Nguyễn Hữu Đang

Personal information
- Full name: Nguyễn Hữu Đang
- Date of birth: 5 March 1969 (age 56)
- Place of birth: Nha Trang, Khánh Hòa, South Vietnam
- Height: 1.70 m (5 ft 7 in)
- Position: Midfielder

Youth career
- 1980–1984: Khatoco Khánh Hòa

Senior career*
- Years: Team / Apps / (Gls)
- 1985–2001: Khatoco Khánh Hòa / 137 / (61)
- 2001–2007: Hoàng Anh Gia Lai / 71 / (19)
- 2007–2008: Hà Nội / 12 / (0)

International career
- 1995–2002: Vietnam / 25 / (3)

= Nguyễn Hữu Đang (footballer) =

Vietnamese football manager (born 1969)

Nguyễn Hữu Đang (born 5 March 1969) is a Vietnamese football manager and former footballer. Nguyễn Hữu Đang spent his entire career playing in V-League and was regarded as part of the "golden generation" of the Vietnam national football team.

== Club career ==
Nguyễn Hữu Đang started playing in 1985 with Khanh Hoa Sports School.
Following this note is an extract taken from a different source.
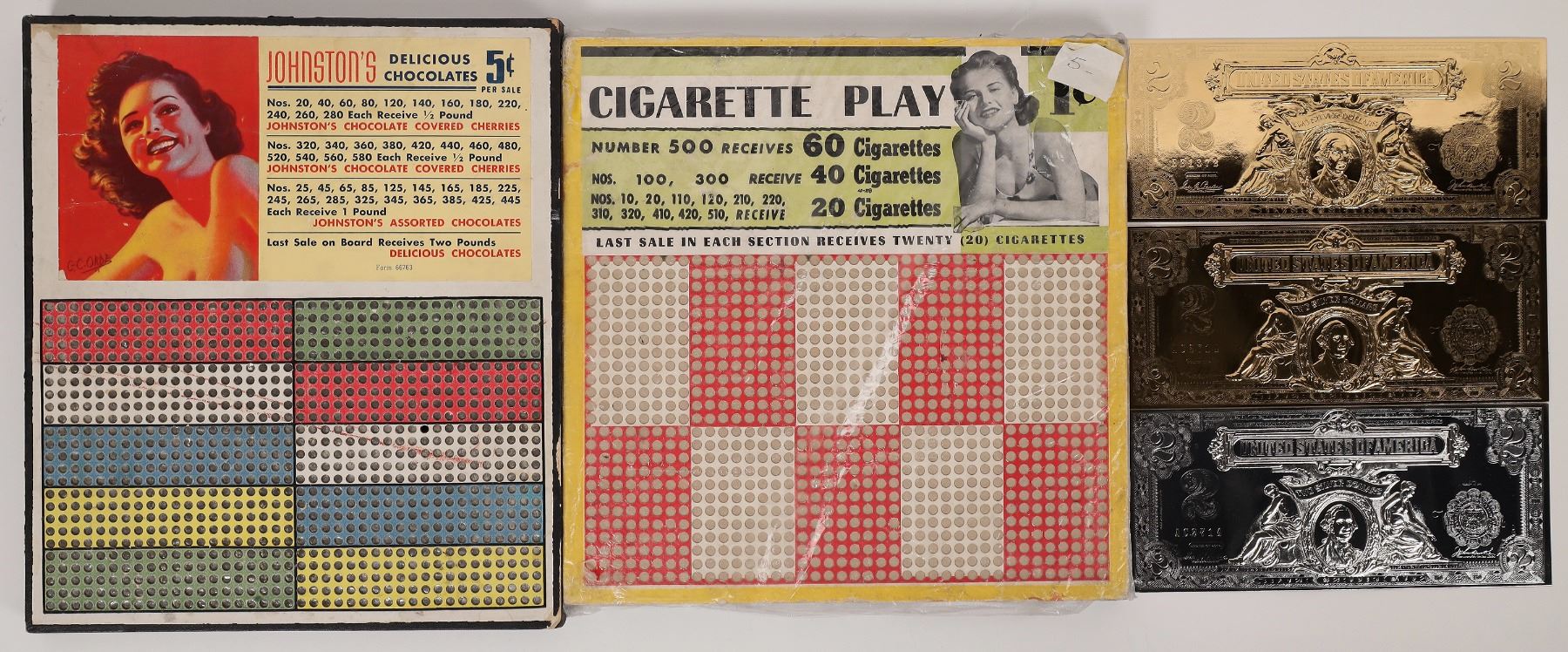 The National Collector's Mint has Barry M. Goldwater Jr. as a director and markets replica U. S. Currency in silver and gold plated pieces. Here is a $2 gold certificate; a 2004 $2 silver certificate and a 2004 $2 gold certificate, with Certificates of Authenticity. Also two punch boards: "Cigarette Play" and Johnston's Delicious Chocolates. Boards are 9 x 10 inches and unused.
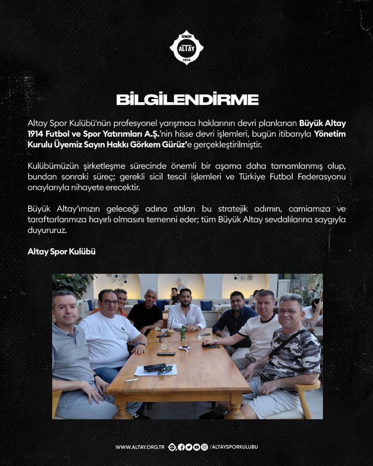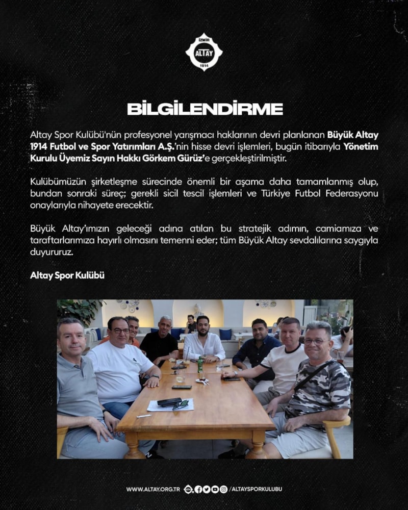 Altay Spor Kulübü'nün profesyonel yarışmacı haklarının devri planlanan Büyük Altay 1914 Futbol ve Spor Yatırımları A.Ş.'nin hisse devri işlemleri, bugün itibarıyla Yönetim Kurulu Üyemiz Sayın Hakkı Görkem Gürüz'e gerçekleştirilmiştir. Kulübümüzün şirketleşme sürecinde önemli bir aşama daha tamamlanmış olup, bundan sonraki süreç; gerekli sicil tescil işlemleri ve Türkiye Futbol Federasyonu onaylarıyla nihayete erecektir. Büyük Altay'ımızın geleceği adına atılan bu stratejik adımın, camiamıza ve taraftarlarımıza hayırlı olmasını temenni eder; tüm Büyük Altay sevdalılarına saygıyla duyururuz.

He played for Khatoco Khanh Hoa from 1986 to 2001. Then, in 2001, after Khatoco Khanh Hoa get relegated to V-league 2, he joined Hoang Anh Gia Lai and won the V.League 1 two times. From 2006 to 2007, he played for Hanoi T&T. After helped Hanoi T&T promoted to V-League 1, he announced his retirement.

== Managerial career ==
In 2010, he joined the PVF youth academy as a manager. He led his team to won the U13 Vietnamese national cup in 2012. In 2019, he joined XSKT Can Tho.

== Personal life ==
He married Luong Thi Nhat Le and have two children, his youngest son - Nguyen Phu Thang was a player for PVF's U13 team, his other son is Nguyen Huu Thang who was playing in XSKT Can Tho.

After announced his retirement in 2008, he was running a small shop named after him.